EDITO …

« La démocratie, c’est cause toujours ; la dictature, c’est ferme ta gueule. » Ce vieux slogan se trouve aujourd’hui quelque peu modifié.
La démocratie c’est aussi « ferme ta gueule », surtout lorsqu’elle s’est débrouillée pour que plus personne n’ait envie de l’ouvrir.

Les ministres en charge de la répression (Intérieur, Justice) se tirent la bourre pour obtenir la médaille de la loi la plus autoritaire :
Perben avait ouvert la compétition en juillet avec sa première refonte du Code pénal, Sarkozy le talonne avec son projet de loi sur la sécurité intérieure qui devrait être voté au Parlement dans les semaines à venir et qui prévoit une cinquantaine de transformations d’articles du même code. Ce texte contient entre autres le rétablissement des délits de mendicité, de racolage passif, de la prison ferme pour les stationnements dans les halls d’immeuble, comme pour les squatteurs et les gens du voyage.
Au moins, ceux qui souhaitaient plus de lois et plus d’Etat dans l’organisation sociale sont servis. Nous, nous nous demandons jusqu’où cette déraison pourra emmener l’ensemble de la société sans qu’il y ait de véritables réactions. Les quatorze ans de gauche plurielle auront fini de casser toutes les formes de communauté qui échappaient au contrôle du pouvoir, tentant de faire de l’Etat la seule communauté légale. Notre seule satisfaction est que nous voyons aujourd’hui tous ceux qui se partageaient les postes de responsabilité largement rétribués il y a à peine un an se décomposer littéralement sous des questions existentielles du type « suis-je de gauche ou de droite ? »

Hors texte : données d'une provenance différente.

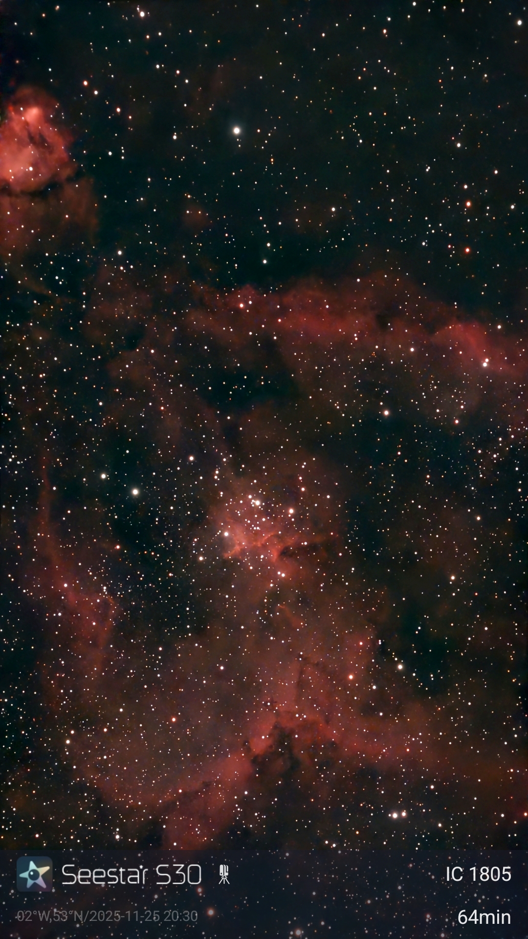 A narrow band SHO image of IC1805 the Heart Nebula.Taken with the 80mm Skywatcher. 45 minutes for H alpha and OIII and 90 minutes for SII.

Le deal proposé depuis le milieu du xixe siècle aux ouvriers garantis consistait à leur proposer d’abandonner le terrain de la lutte des classes et de rejoindre le camp des propriétaires : c’est dans le développement de cette proposition qu’ont disparu les liens sociaux de quartier, de lieux de travail, d’associations… Cet échange risque de ne plus tenir très longtemps si l’on en croit les signes extérieurs d’une économie qui semble malade : le niveau de vie baisse, le passage à l’euro vide inexorablement les porte-monnaie, le chômage augmente en même temps que les allocations baissent, le service public se délite et se vend au privé qui a moins de scrupules à précariser une main-d’œuvre en surnombre, les usines ferment et se délocalisent laissant en plan ceux qui ne veulent pas se plier aux lois intransigeantes du marché du travail, et ce quand il y a de l’embauche, une guerre se prépare, les investissements boursiers sont en crise ; bref tout ne va pas pour le mieux dans le meilleur des mondes. Et là, on comprend mieux l’hystérie sécuritaire du pouvoir : il a raison de s’inquiéter des réactions d’une jeunesse que non seulement on laisse en plan, mais à qui on se met à interdire tous les moyens de survie pourtant vitaux.
C’est avant la prison qu’il est préférable de se battre contre l’enfermement : la bataille contre le tout-sécuritaire concerne bon nombre de personnes qui se sont laissé endormir par une idéologie droit-de-l’hommiste qui pose le Droit, la Justice comme des valeurs transcendantales quand elles ne sont que l’expression d’une classe dominante. Les enseignants, les éducateurs sont appelés à devenir des agents de la répression, à eux de réagir et de refuser concrètement dans leurs lieux de travail de devenir à leur tour des auxiliaires de police. Le temps n’est plus aux colloques ronronnants, aux débats sans lendemain, aux bonnes intentions sans suite ; il est aux rencontres capables de fabriquer des critiques, il est aux associations soucieuses de bloquer la machine, il est à l’imagination de nouvelles formes d’organisation, il est à la diffusion de notre conception des rapports sociaux.